Pedro: Hoje o projeto tem três frentes principais:
Newsletter quinzenal, que compartilha movimentos de talentos em tempo real.
TechTalents Base, uma base de dados estruturada com os nomes e informações mapeadas, voltada a fundos parceiros.
TechTalents Match, uma plataforma para founders e profissionais fazerem networking qualificado ou encontrarem cofounders.
O impacto na minha atuação como investidor tem sido direto. Por um lado, aumentou minha exposição e ampliou minha rede. Por outro, me trouxe uma vivência mais operacional: criar produto, falar com usuário, iterar conteúdo. São aprendizados que me aproximam da realidade dos founders e me ajudam a ser um VC mais completo.
Pedro: Tenho me dedicado bastante à corrida nos últimos tempos — fui picado pelo “bichinho” recentemente. Também faço academia, jogo tênis e gosto de acompanhar o mundo do cinema. Sempre que dá, tento viajar, dentro ou fora do Brasil.

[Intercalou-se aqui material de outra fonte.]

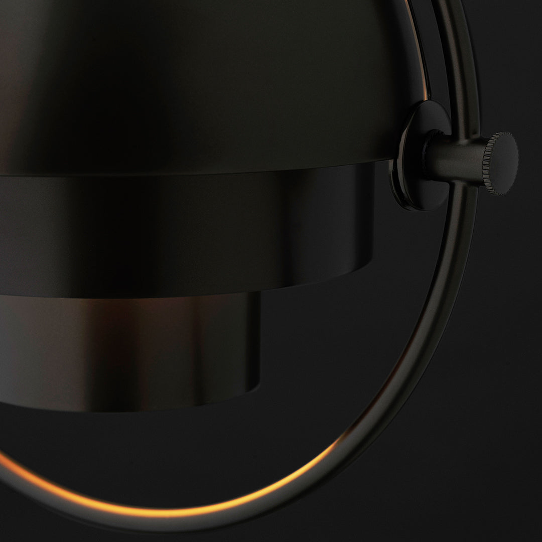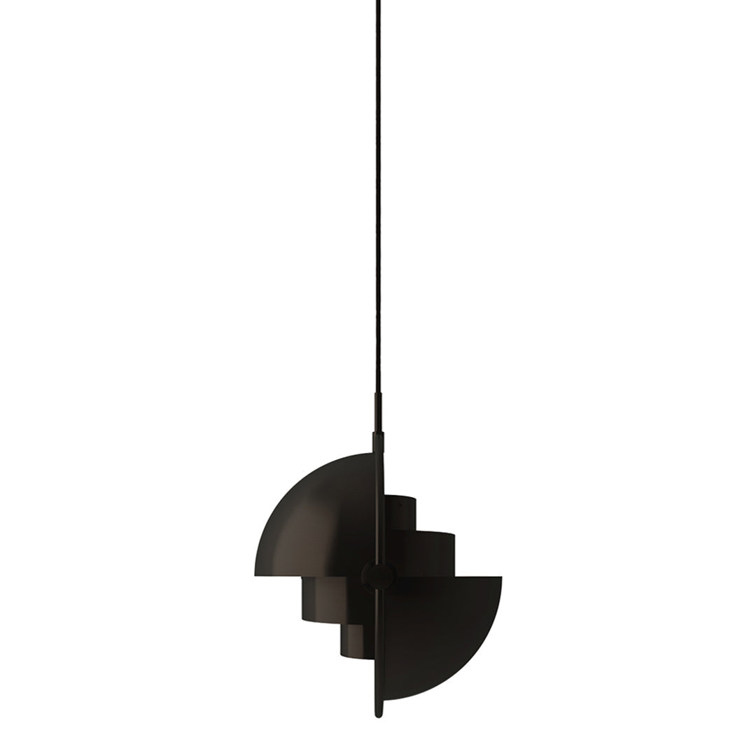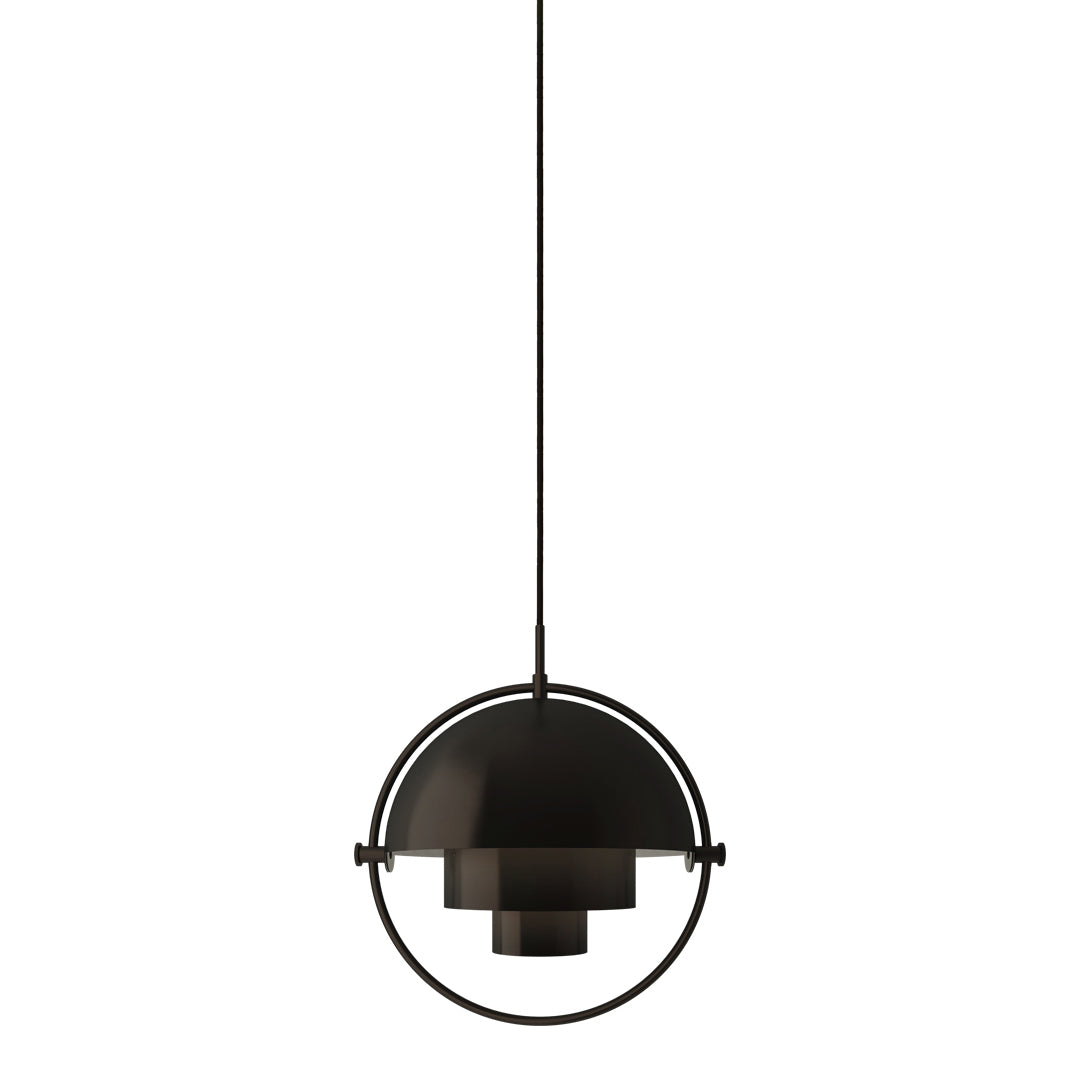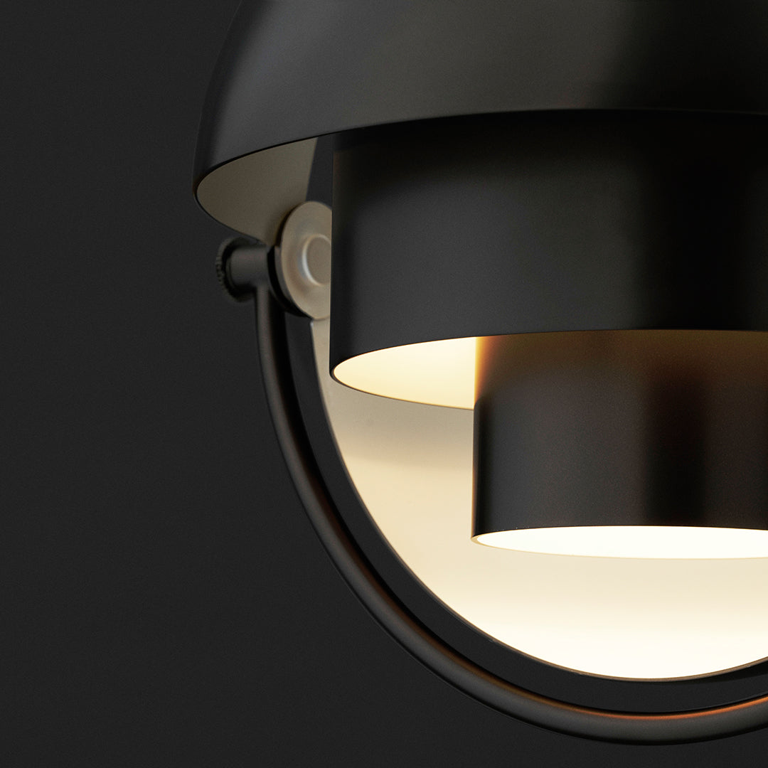 The Multi-Lite Pendant embraces the golden era of Danish design with its characteristic shape of two opposing outside, mobile shades that enable creating a personal installation and a wide range of lighting values in a room. By individually rotating the shades, the Multi-Lite Pendant can be transformed into multiple combinations where the light can be directed upwards, downwards or exude an asymmetrical art light. The Multi-Lite was first drawn in 1972 when Louis Weisdorf did an exception to his own design custom of using multiple repeating elements. Instead, it reflects his passion for diversity. Two cylindrical shapes lay the foundation of the lamp and a metal ring encompasses it and anchors the two quarter-spherical shades, which ultimately completes a picture of an iconic design with multiple purposes. The Multi-Lite Pendant has a timeless expression that fits into any domestic setting.

Pedro: VC é um jogo de longo prazo. Os fundos são desenhados para ciclos de 10 anos, e a sua própria trajetória também vai seguir esse tempo. Por isso, é importante construir processos sólidos, reputação consistente e boas relações. Entender no que você é bom, melhorar o que não é, e sempre estar disposto a ajudar sem esperar retorno imediato. No fim das contas, esse é um mercado baseado em confiança.